Considerações finais
Destacamos que trata-se de uma breve análise que pretende apenas elucidar a nossa compreensão sobre atitude responsiva. Uma análise mais profunda extrapolaria os objetivos deste trabalho e exigiria aprofundamento de outros conceitos bakhtinianos.
No exemplo apresentado, pudemos verificar que os elementos que constituem a charge são os instrumentos de crítica que descortina a realidade com criatividade e humor: o verbal aliado ao não-verbal e a ridicularização que instauram o riso e a indignação. Elementos que simultaneamente ajudam o leitor a construir significados/sentidos ou a buscar fatos que preencham as lacunas que lhes faltam para a compreensão ativa.

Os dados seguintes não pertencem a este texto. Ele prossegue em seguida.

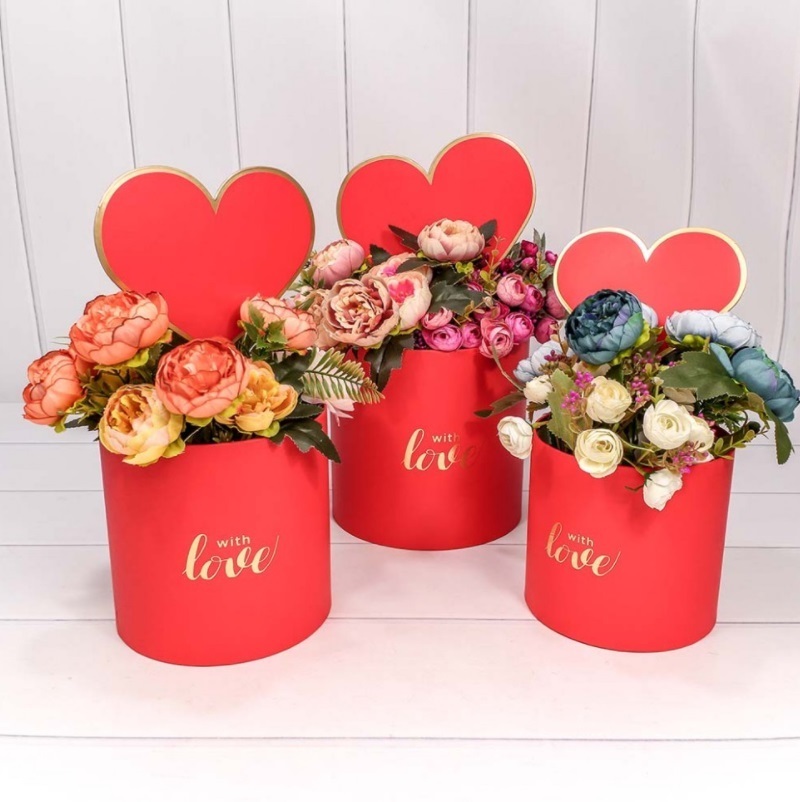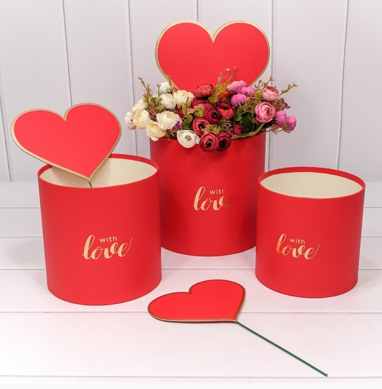 Коробки Цилиндр "С сердечком" Набор 3 шт Красный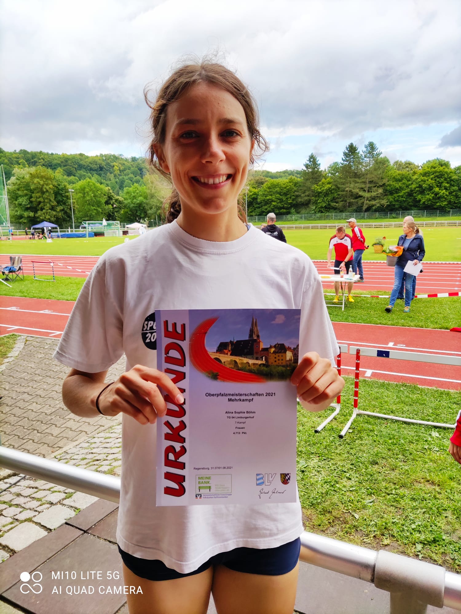Zum Wochenende schnell mal nach Regensburg zum Siebenkampf, da ist schon viel Spaß am Sport im Spiel. Alina Böhm nebst Papa und Trainer haben diese Reise am Wochenende angetreten und kehrten am Sonntag gegen Abend zufrieden zurück. Als Gast bei den Meisterschaften der Oberpfalz trat sie im Stadion an der Donau gegen starke Konkurrenz an und lieferte einen engagierten Wettkampf ab.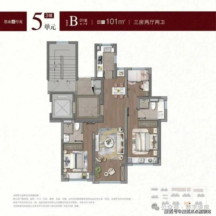 建面约100-101㎡户型, 拥类独立电梯厅,无连廊+飞机户型南北通透。

Para Bakhtin (1952-53), toda compreensão ativa exige uma atitude responsiva, uma resposta, ou seja, é este o momento, que no dizer de Bakhtin (1970-71) provoca o “encontro com o que é grande, concebido como encontro com o que determina, obriga, envolve, é o momento supremo da compreensão.” (BAKHTIN,1970-71/2003; p.382).
A charge é um gênero discursivo, que permite, por meio do humor e da crítica, despertar no leitor um olhar para a realidade política, social e econômica da sociedade em que vive, de uma maneira clara e sem máscaras. Ler o mundo significa compreender de maneira ativa os sentidos da realidade e a maneira como ela nos afeta.
Com este trabalho esperamos ter demonstrado que a leitura da charge forma opinião, no momento supremo da compreensão ativamente responsiva. E concluímos citando Romualdo (2000):
A polifonia, a ambivalência e o humor do texto chárgico fazem com que ele afirme e negue, eleve e rebaixe ao mesmo tempo, obrigando o leitor a refletir sobre fatos e personagens do mundo político, uma vez que põe a nu aquilo que está oculto por trás deles. Assim, a charge se mostra como um poderoso instrumento de crítica, devendo ter lugar privilegiado nas instituições jornalísticas que defendem o discurso pluralista. (ROMUALDO. 2000, p. 197).
Bibliografia
BAKHTIN, M. /VOLOCHINOV, V. N. (1929). Marxismo e filosofia da linguagem. 12 ed. São Paulo: Hucitec, 2006.
BAKHTIN, M. (1952-53). Estética da criação verbal. 4 ed. São Paulo: Martins Fontes, 2003.
___________. (1970-1971/1979). Apontamentos In: Estética da criação verbal. (1979). 4 ed. São Paulo: Martins Fontes, 2003.
PAES de BARROS, C. G.“Compreensão ativa e criadora”: uma proposta de ensino-aprendizagem de leitura do jornal impresso. Tese de doutorado apresentada ao programa de Pós-graduação em Lingüística Aplicada e Estudos da Linguagem (LAEL) da PUC-SP, São Paulo, 2005.
ROMUALDO, C. E. Charge jornalística: intertextualidade e polifonia: um estudo de charges da Folha de S. Paulo. – 1 reimp. Maringá: Eduem. 2000.
http://www.folhadeseupaulo.com/2007/10/charge-sesso-aerolula.html. Acesso em 05 de agosto de 2009.
http://exclusivo.terra.com.br/interna/0,,OI746535-EI1176,00.html. Acesso em 05 de agosto de 2009.
http://ultimosegundo.ig.com.br/cultura/2007/09/11/copias_pirata_de_tropa_de_elite_ja_podem_ser_encontradas_em_todo_o_pais_999521.html. Acesso em 05 de agosto de 2009.
1 BAKHTIN/ VOLOCHINOV (1929) em nota de rodapé.